Franck Dernoncourt of Spokane WA (US)

Tong Sun of San Ramon CA (US)

Thi kim phung Lai of San Jose CA (US)

Rajiv Bhawanji Jain of Falls Church VA (US)

Nikolaos Barmpalios of Sunnyvale CA (US)

Jiuxiang Gu of Baltimore MD (US)

TRAINING LANGUAGE MODELS AND PRESERVING PRIVACY - A simplified explanation of the abstract

This abstract first appeared for US patent application 18173199 titled 'TRAINING LANGUAGE MODELS AND PRESERVING PRIVACY

Simplified Explanation

A computing device implements a privacy system to predict the next word in a sequence of words by processing input data using a machine learning model trained on training data.

Key Features and Innovation

  • Privacy system predicts next word in a sequence of words.
  • Machine learning model trained on training data.
  • Training data includes sensitive and non-sensitive samples.
  • Model parameters updated using subsets of samples associated with clients.

Potential Applications

This technology can be used in:

  • Text prediction applications
  • Language modeling systems
  • Privacy-preserving AI tools

Problems Solved

  • Protecting sensitive data in language models
  • Improving user privacy in text prediction
  • Enhancing data security in machine learning applications

Benefits

  • Enhanced privacy protection
  • Improved accuracy in word prediction
  • Secure handling of sensitive information

Commercial Applications

This technology can be applied in:

  • Messaging apps
  • Content recommendation systems
  • Data analytics platforms

Prior Art

No prior art information available at this time.

Frequently Updated Research

No frequently updated research available at this time.

Questions about Language Model Privacy

Question 1

How does the privacy system protect sensitive data in language models?

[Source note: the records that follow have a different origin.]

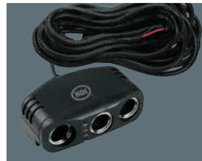
12-Volt Power Strip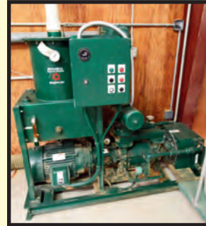
DYNASEAL VACUUM SYSTEM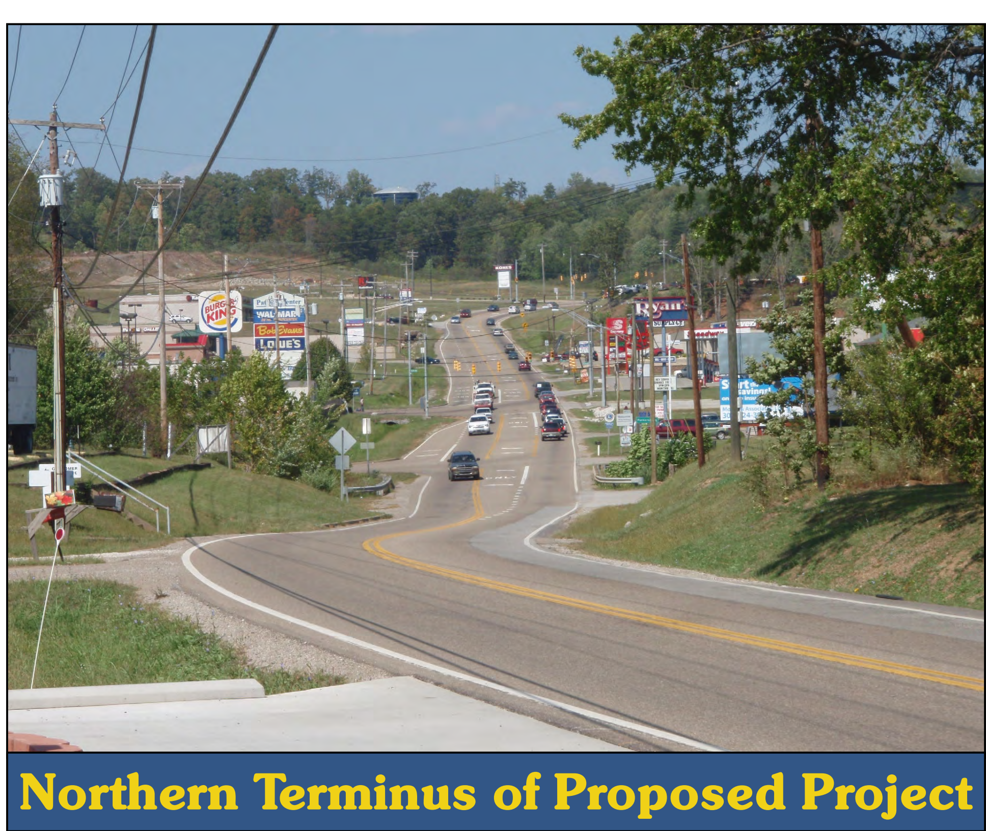
Pettyville commercial district includes several large chain stores such as Walmart Supercenter.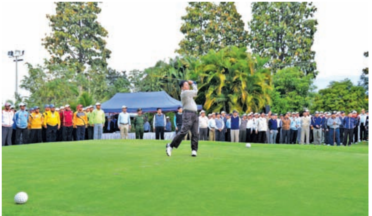
Commander-in-Chief of Defence Services Senior General Min Aung Hlaing tees off small ball at opening of Tatmadaw (Army, Navy and Air) Golf Tournament 2014-15.

NAY PYI TAW, 1 Feb —Commander-in-Chief of Defence Services Senior General Min Aung Hlaing teed off the Command-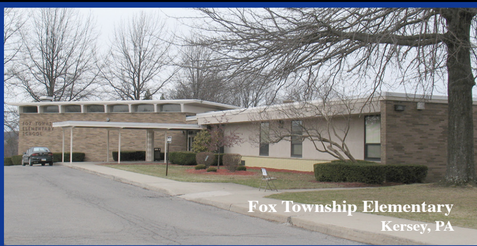
Fox Township Elementary Kersey, PA

2010/2011 Elementary School Student and Parent Handbook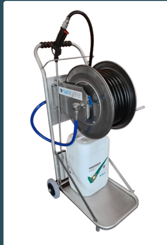
Sanigene HydroSan Disinfection Sprayer (Trolley mounted)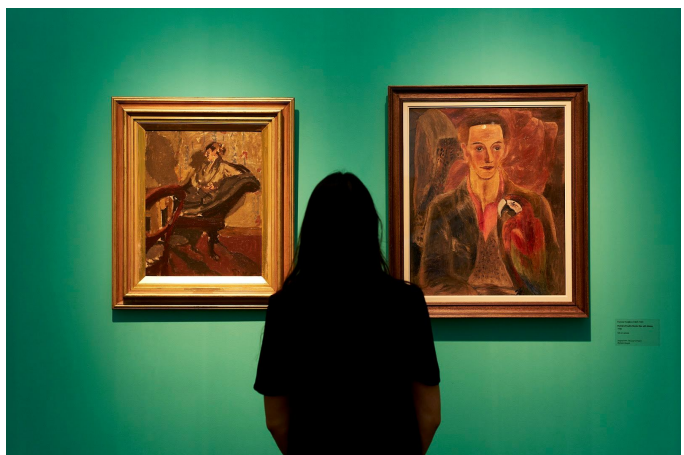
Conspired: Masterpiece by Biggs & Collings (2019) on show at London Art Fair 2019. Works from Towner Art Gallery, Museum Partner for London Art Fair 2019.

London Art Fair concluded its 31st edition on Sunday 20 January, reporting robust sales across modern and contemporary art and welcoming over 20,000 international visitors and collectors, despite uncertainty over Brexit. The Fair opened with a Preview Evening on Tuesday 15 January, when collectors, curators, artists and art enthusiasts enjoyed an exclusive first look at presentations by 130 leading galleries from 16 different countries, brought together under one roof at the Business Design Centre.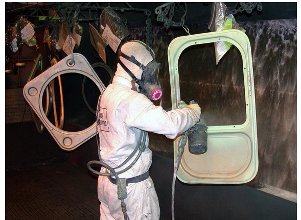
An example of a supplied air respirator

Paint technicians must wear eye protection such as safety glasses, goggles or a hooded or full face-piece respirator when working with paints and solvents [29 CFR 1910.133(a)(1)].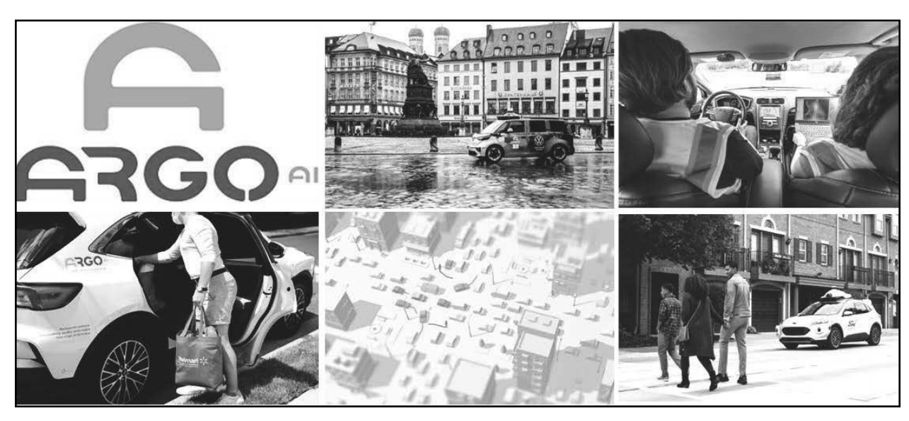
Argo Al works globally with such top brands as Ford, Volkswagon, Lyft and Walmart.

Argo will establish a closed-course track in the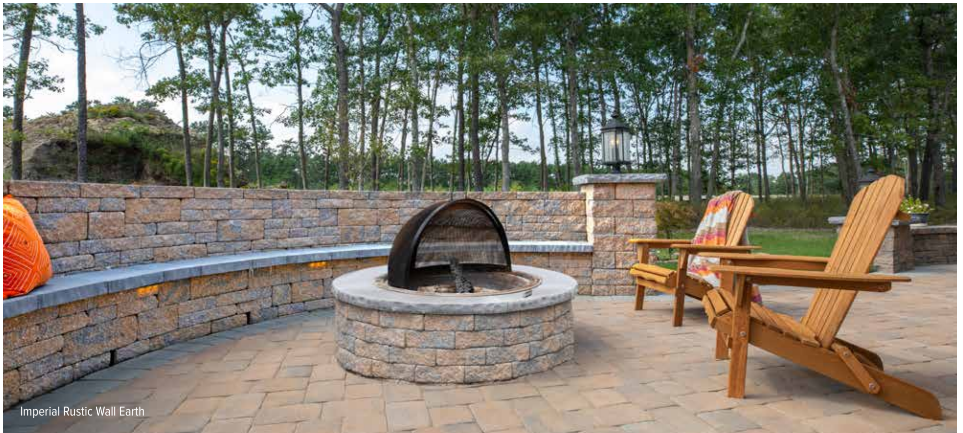
Imperial Rustic Wall Earth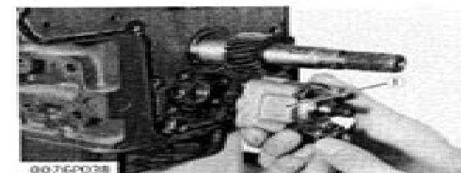
(1) Oil Pump Assembly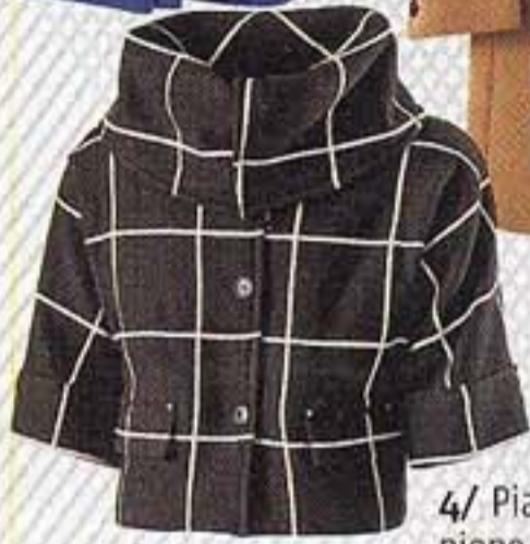
4/ Piazza Sempione oversized check wool jacket, $1,650

The privacy system uses subsets of sensitive samples associated with clients to update the machine learning model parameters, ensuring that sensitive information is handled securely.

Question 2

What are the potential applications of this technology beyond text prediction? This technology can also be used in language modeling systems and privacy-preserving AI tools to enhance data security and protect user privacy.


Original Abstract Submitted

In implementations of systems for training language models and preserving privacy, a computing device implements a privacy system to predict a next word after a last word in a sequence of words by processing input data using a machine learning model trained on training data to predict next words after last words in sequences of words. The training data describes a corpus of text associated with clients and including sensitive samples and non-sensitive samples. The machine learning model is trained by sampling a client of the clients and using a subset of the sensitive samples associated with the client and a subset of the non-sensitive samples associated with the client to update parameters of the machine learning model. The privacy system generates an indication of the next word after the last word in the sequence of words for display in a user interface.